One of the alleged incidents on March 8 refers to “the morning between 0735-0800 hours, the vehicle (No. 89-CD-138) carrying the school going children of Deputy High Commissioner for Pakistan was followed by two cars from his residence to the British School, Chanakyapuri”.
”On the way both cars continuously obstructed, harassed and stopped the driver and this continued for almost 20 minutes. The driver was forced to get off the vehicle and was intimidated,” the communication claims.
The note verbale alleges that “after the kids were dropped off at the school, the driver was also harassed and told that it was a ‘response’ to what had been done to them”.
A note verbale is prepared in the third person and unsigned, which makes it less formal in nature.
On the other hand, government sources told The Indian Express that Indian officials in Islamabad are being subjected to increased hostility, harassment and intimidation. Sources said that in view of such an atmosphere, many families have returned to India.
According to sources, the Indian High Commissioner lodged a strong protest on February 16, when he met Pakistan’s Foreign Secretary Tehmina Janjua, against “multiple acts of hooliganism” against Indian property and personnel.
Sources said that in the intervening night of February 15 and 16, the residential complex in Islamabad, which is still under construction and is opposite the Indian High Commission premises, was raided by Pakistan agencies which expelled all service providers, and later disconnected power and water supply.
Despite the Foreign Secretary’s assurance, power supply was not restored for over two weeks, sources said.

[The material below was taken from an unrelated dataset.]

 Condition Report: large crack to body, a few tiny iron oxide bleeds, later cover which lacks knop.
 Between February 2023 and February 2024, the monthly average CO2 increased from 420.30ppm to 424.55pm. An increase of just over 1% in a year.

Moreover, they said, there has been an undue delay by the Pakistan government in providing clearances for the complex. Indian diplomats continue to reside in different parts of Islamabad, compromising their security and safety, said sources.
According to sources, the Indian High Commissioner’s car was recently stopped by Pakistan’s agencies in the middle of a busy road to prevent him from attending a lunch hosted by the Bohra community in Karachi, where he had gone to attend a literature festival.

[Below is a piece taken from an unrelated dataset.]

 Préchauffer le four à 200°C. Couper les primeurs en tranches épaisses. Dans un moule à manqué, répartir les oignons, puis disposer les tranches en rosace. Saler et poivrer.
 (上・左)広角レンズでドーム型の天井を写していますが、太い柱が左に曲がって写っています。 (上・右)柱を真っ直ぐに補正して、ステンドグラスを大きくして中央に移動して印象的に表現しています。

“The Pakistan High Commission has brought to MEA’s notice some incidents of alleged harassment over the last few days. These will no doubt be investigated. India makes all efforts to provide a safe, secure and hospitable environment for diplomats to work in. But unfortunately, this cannot be said of Islamabad,” said sources.

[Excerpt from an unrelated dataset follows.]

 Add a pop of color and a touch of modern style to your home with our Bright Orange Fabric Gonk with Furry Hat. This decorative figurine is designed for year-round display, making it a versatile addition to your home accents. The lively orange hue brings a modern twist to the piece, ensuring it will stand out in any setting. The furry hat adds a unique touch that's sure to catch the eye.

“The Indian High Commission in Pakistan has been facing tremendous harassment for long, particularly in the last year. However, Indian diplomats chose to tackle this matter with quiet and persistent diplomacy… In one case, an official’s home was broken into, and a laptop stolen,” sources said.
According to sources, aggressive surveillance, violation of physical space and tailing of officers in dangerous proximity has become a “perennial issue”.
“Agency personnel keep shooting videos of officers, thrusting phones into their faces. Obscene phone calls and messages are constantly received on phones,” sources said, adding that the issue has become “out of the ordinary” in recent months.
Besides, the Islamabad Club is learnt to have stalled the membership of Bisaria, who was posted as High Commissioner last year, without assigning any reason. The matter was resolved after it was raised with Pakistan foreign ministry, said sources.
Sources also said that such incidents had “greatly subsided” on both sides after 2001-2002 but happen as “tit-for-tat actions” in both national capitals. They said that all decisions about missions are taken on the basis of reciprocity.
In July 2016, the Indian High Commission in Pakistan was declared a “non-family posting” and families of diplomats were moved out of Islamabad. Families of Pakistani officials, however, continue to reside in Delhi.
Speaking to The Indian Express, T C A Raghavan, former Indian High Commissioner to Pakistan, said, “The tradition always has been that however bad the political relations between India and Pakistan, the relations between the diplomatic missions and the foreign offices have been good. That has been the case for last decade or so, and it should be maintained.”